While the test platform is quite capable of a 10-core overclock at 5.0Ghz and 1.265v, we were seeing 360mm AIOs struggle to keep core temperatures in check at lower fan speeds, providing insight that the enthusiast-grade i9’s need excellent cooling if the goal is overclocking.

HWInfo64 is used for real-time core temperature readout, thermal throttling alerts, motherboard power consumption, CPU speed and logging of data, while a CrystalFontz CFA-633-TMI-KU is used to monitor and later average both ambient room (2 probes) and motherboard voltage regulator heatsink (2 probes).

With these temperature readings collected, CPU Core is defined as an average of all CPU core temperatures reported once per second for the entirety of the testing run from HWInfo64 data. This value is then taken as an offset difference from the reported ambient room temperature collected from the CFA-633-TMI-KU (also once per second and averaged).  CPU PWM is defined by the voltage regulator heatsink direct temperature probe as an offset different from the same reported ambient room temperature reading for the same CPU Core test (100%, 50%). This helps define a working model of how well the evaluated cooler performs, as a process of also cooling nearby hardware also under loads, like our overclocked motherboard voltage regulator heatsink.

  • Phaaze88
    This S SKU and the K one are the only ones that don't have the blasted Pump-In-Radiator setup, and thus are the only ones worth anything, because 'everyone' has to mount their AIO radiators at the top of the chassis for whatever reason.
    But the S and K are stupid expensive, because I guess, "Screw you, give me money."
    To see the NH-D15S still hang in there... AIOs have gone stale.
    Reply
  • Blacksad999
    Phaaze88 said:
    This S SKU and the K one are the only ones that don't have the blasted Pump-In-Radiator setup, and thus are the only ones worth anything, because 'everyone' has to mount their AIO radiators at the top of the chassis for whatever reason.
    But the S and K are stupid expensive, because I guess, "Screw you, give me money."
    To see the NH-D15S still hang in there... AIOs have gone stale.
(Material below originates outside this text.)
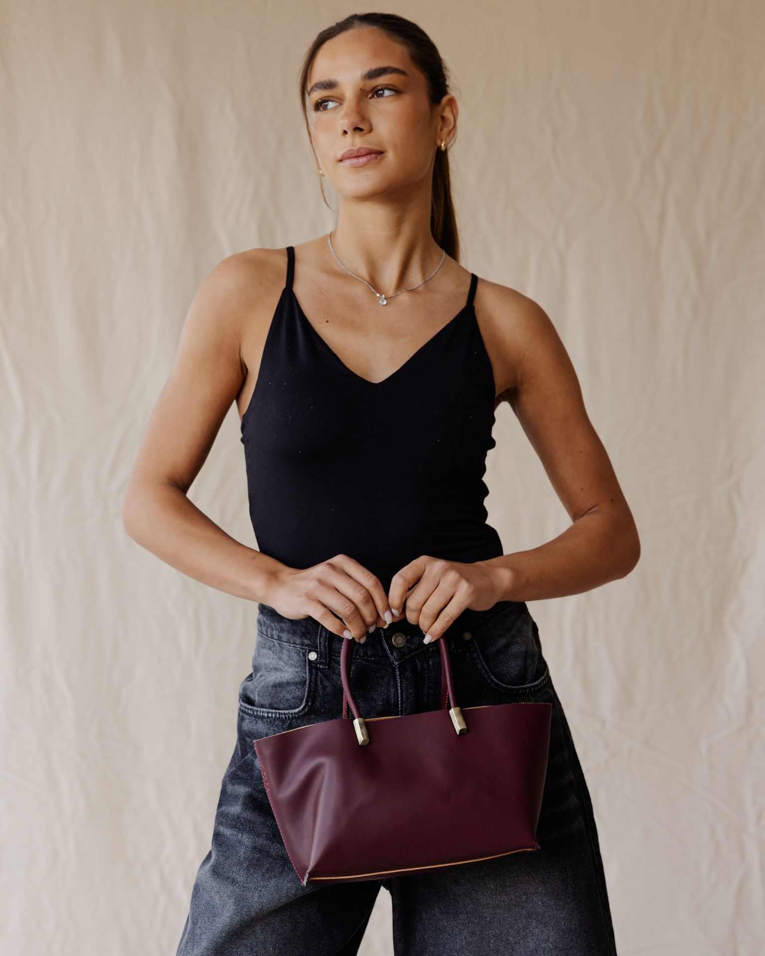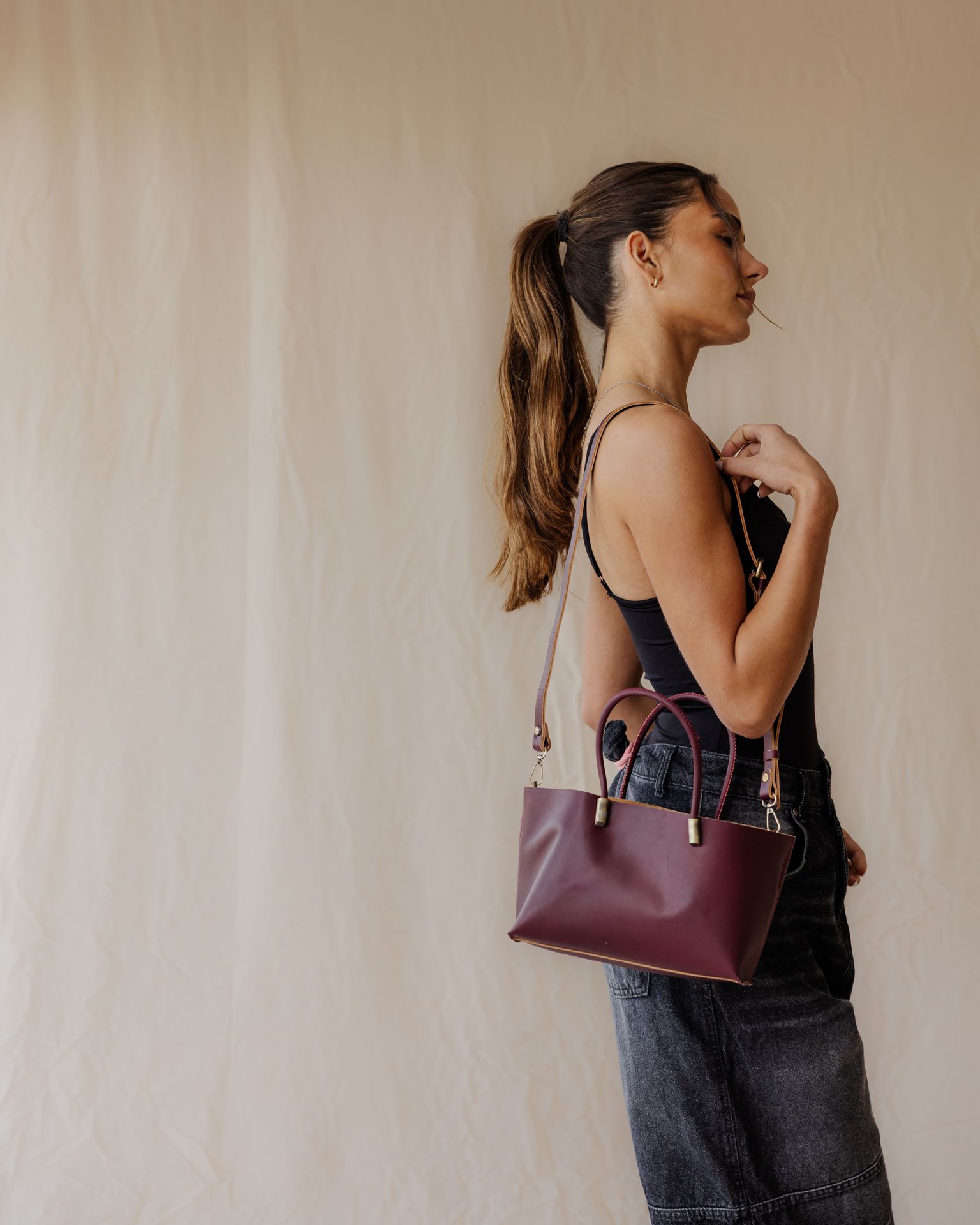 Designed with a structured shape and smooth leather texture, this bag offers top handles and a crossbody strap. Includes a practical inner pouch for easy organization.

    I was curious about that, actually. I knew that some of their units had the pump in the radiator, which would allow for bottom mounting without issue. It's unfortunate these apparently don't, from what you're saying. :(
    Reply
  • Phaaze88
    Blacksad999 said:
    I knew that some of their units had the pump in the radiator, which would allow for bottom mounting without issue.
    Not true, actually.
    For Pump-In-Radiator...
    Top mounted rad: hands down the worst of the 5. You can kiss that pump goodbye within a year.
    Front mounted rad, but inlet+outlet are at the top: ok, but will become noisier later on after a few years(+/-), forcing the user to either move it, or replace it, even though the unit still works.
    Front mounted rad, but inlet+outlet are at the bottom: one of the 2 best ways to position these units in part, because the pump is offset and not in the center of the rad. The problem then, is radiator size and chassis compatibility.
    Sideways mounted rad(think NR200P): right there with front mount, but bottom mounted in+out - it's great.
    Bottom mounted rad: the pump is saved, but now the performance goes down the drain, as air begins having a party in the cpu block disrupting the transfer of heat from the cold plate to the medium(fluid)! The party only gets bigger over time.

    For the more traditional Pump-In-Block...
    Top mounted rad: awesome, but you may need to over-provision on size depending on the gpu.
    Front mounted rad, but in+out are at the top: ok, but the noise later on.
    Front mounted rad, but in+out are at the bottom: also great, but radiator size and chassis compatibility.
    Sideways mounted rad: great as well.
    Bottom mounted rad: bad. Air party in the pump.
    Reply
  • Co BIY
    Someone should mount a big downward fan across the hole top of their AIO pump to bathe the power supply circuits in cool air. Would be a great place for a "sweet" RGB ring all the kids love. Should solve that socket area heat bloom.

    Call it the "HybridHydroAir" and watch the money roll in. If you can find workers to build it and people to unload the crates at the port at least.